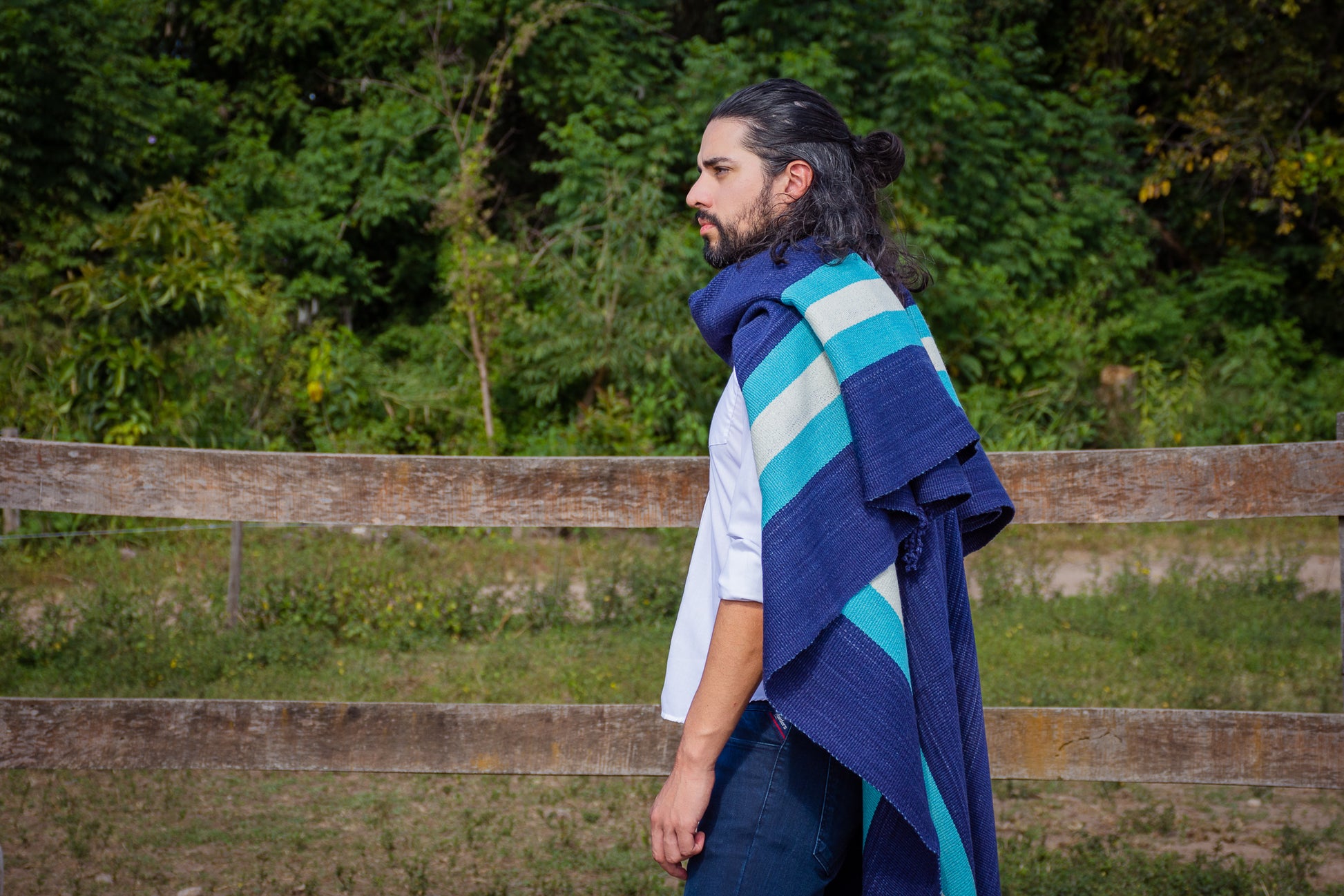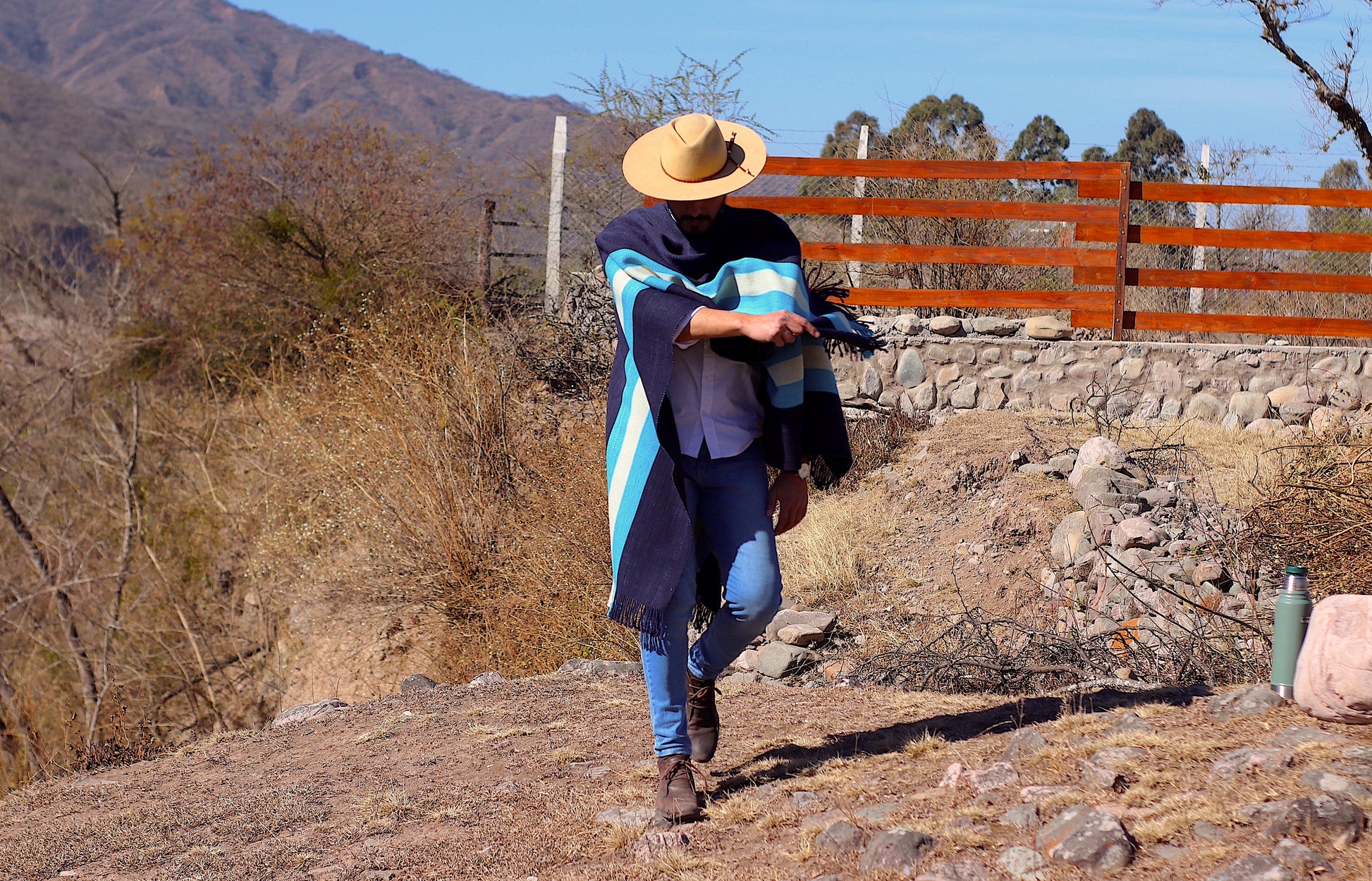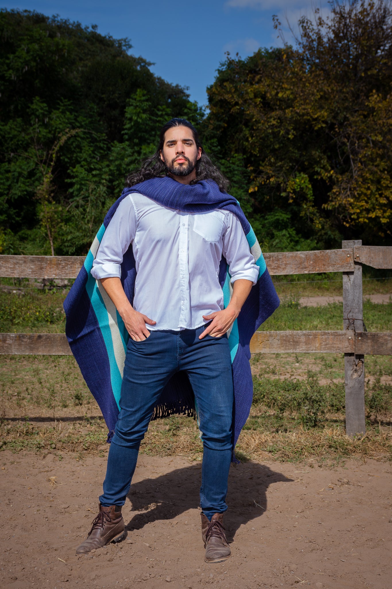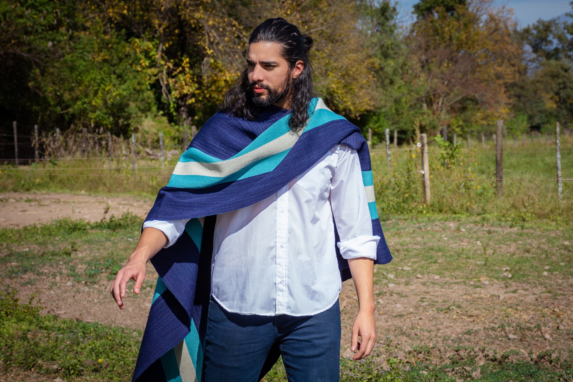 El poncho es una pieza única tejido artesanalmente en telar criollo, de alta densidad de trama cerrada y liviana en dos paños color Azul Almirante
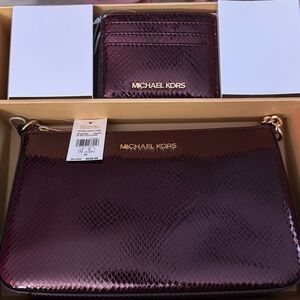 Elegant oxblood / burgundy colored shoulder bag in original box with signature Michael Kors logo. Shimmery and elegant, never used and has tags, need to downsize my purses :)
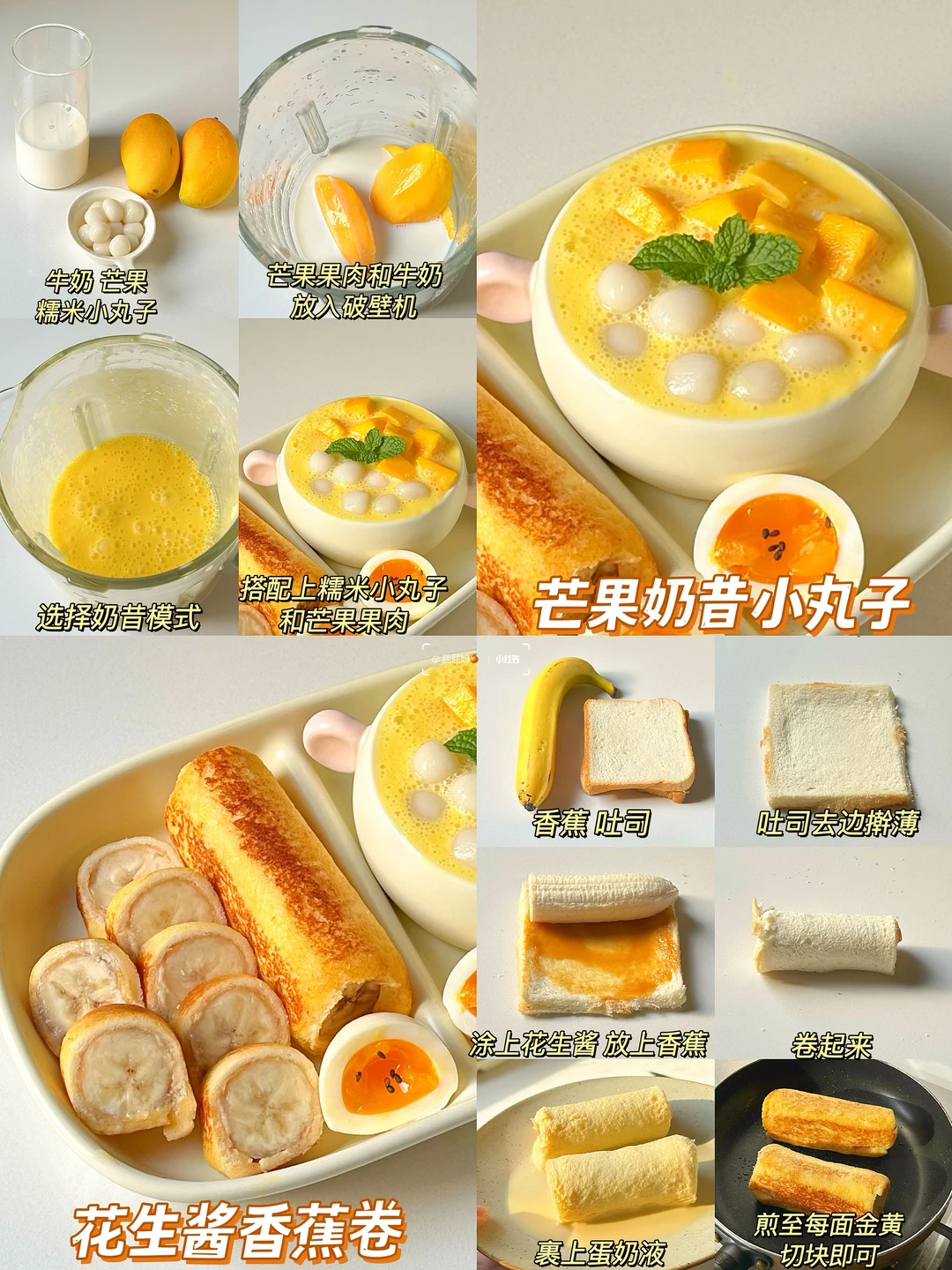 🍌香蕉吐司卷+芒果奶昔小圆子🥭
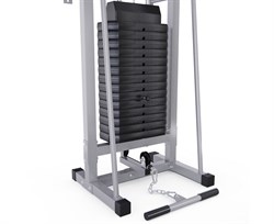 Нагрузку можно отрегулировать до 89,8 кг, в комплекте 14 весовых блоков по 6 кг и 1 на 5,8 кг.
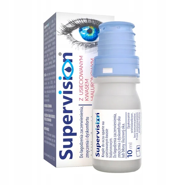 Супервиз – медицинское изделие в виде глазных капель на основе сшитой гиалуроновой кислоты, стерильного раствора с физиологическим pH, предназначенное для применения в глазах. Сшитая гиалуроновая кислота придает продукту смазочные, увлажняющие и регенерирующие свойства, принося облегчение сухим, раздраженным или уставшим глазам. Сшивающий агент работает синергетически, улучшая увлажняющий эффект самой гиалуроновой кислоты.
-------------------------
#### [The problem]
Write the lines out again exactly, beginning at the one containing "Нагрузку можно отрегулировать" and ending with the last line of the entries, but without any pictures.

#### [Response to the task]
 Нагрузку можно отрегулировать до 89,8 кг, в комплекте 14 весовых блоков по 6 кг и 1 на 5,8 кг.
 Супервиз – медицинское изделие в виде глазных капель на основе сшитой гиалуроновой кислоты, стерильного раствора с физиологическим pH, предназначенное для применения в глазах. Сшитая гиалуроновая кислота придает продукту смазочные, увлажняющие и регенерирующие свойства, принося облегчение сухим, раздраженным или уставшим глазам. Сшивающий агент работает синергетически, улучшая увлажняющий эффект самой гиалуроновой кислоты.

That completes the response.